Wir wissen ganz genau, was wir tun müssten, um in spätestens zwölf Jahren als deutsche Sportnation wieder gut zu sein.
Und es braucht ein wenig Durchhaltevermögen. Denn das ist nichts, wo man schon nach zwei Wochen Erfolge sieht. Das dauert eher ein paar Monate, sagt Wüstenfeld, aber dann wirkt es. Und man erlebt: "Mensch, ich komm ja mit meinen Fingern bei gestreckten Beinen wieder an meine Füße runter. Das habe ich ja schon 30 Jahre nicht mehr geschafft."

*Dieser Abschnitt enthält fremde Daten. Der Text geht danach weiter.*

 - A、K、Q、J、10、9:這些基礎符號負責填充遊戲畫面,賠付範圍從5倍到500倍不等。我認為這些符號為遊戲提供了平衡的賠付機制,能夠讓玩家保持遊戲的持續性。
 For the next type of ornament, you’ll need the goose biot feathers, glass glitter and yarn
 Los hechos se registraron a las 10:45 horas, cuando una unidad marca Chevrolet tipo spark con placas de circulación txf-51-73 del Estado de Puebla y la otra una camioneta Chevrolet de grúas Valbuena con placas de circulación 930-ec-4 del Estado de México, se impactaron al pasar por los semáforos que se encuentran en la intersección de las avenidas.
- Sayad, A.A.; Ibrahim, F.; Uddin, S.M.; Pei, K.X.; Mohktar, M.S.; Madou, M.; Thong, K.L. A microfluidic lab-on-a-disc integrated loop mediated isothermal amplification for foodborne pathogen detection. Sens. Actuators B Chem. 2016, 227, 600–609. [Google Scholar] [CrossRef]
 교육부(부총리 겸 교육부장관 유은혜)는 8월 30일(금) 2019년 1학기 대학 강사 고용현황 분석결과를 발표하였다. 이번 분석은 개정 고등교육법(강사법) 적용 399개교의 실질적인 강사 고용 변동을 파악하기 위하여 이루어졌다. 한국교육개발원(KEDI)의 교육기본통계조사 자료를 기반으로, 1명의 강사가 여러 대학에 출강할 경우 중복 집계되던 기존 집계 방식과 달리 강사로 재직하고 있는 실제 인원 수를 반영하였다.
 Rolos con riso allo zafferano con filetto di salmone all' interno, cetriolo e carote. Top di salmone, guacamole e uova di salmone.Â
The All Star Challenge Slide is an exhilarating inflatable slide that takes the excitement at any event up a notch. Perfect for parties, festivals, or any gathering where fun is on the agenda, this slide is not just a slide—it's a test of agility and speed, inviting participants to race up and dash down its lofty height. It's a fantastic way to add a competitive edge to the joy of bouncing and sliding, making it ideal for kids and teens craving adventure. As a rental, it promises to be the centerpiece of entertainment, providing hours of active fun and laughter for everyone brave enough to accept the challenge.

So funktioniert der Flexibilitätstest
Flexibilität wird durch die Forscher als der maximale physiologische passive Bewegungsbereich bei einer bestimmten Gelenkbewegung definiert. Untersucht werden die wichtigsten möglichen Bewegungen, d.h. Beugung, Streckung, Adduktion (seitliches Heranführen zur Körperachse), Abduktion (Bewegung von der Körperachse weg), Seitbeugung in den wichtigsten Körpergelenken (Anzahl der Bewegungen pro Gelenk in Klammern): Knöchel (2), Knie (2), Hüfte (4), „Rumpf“ (3), Handgelenk (2), Ellbogen (2) und Schulter (5).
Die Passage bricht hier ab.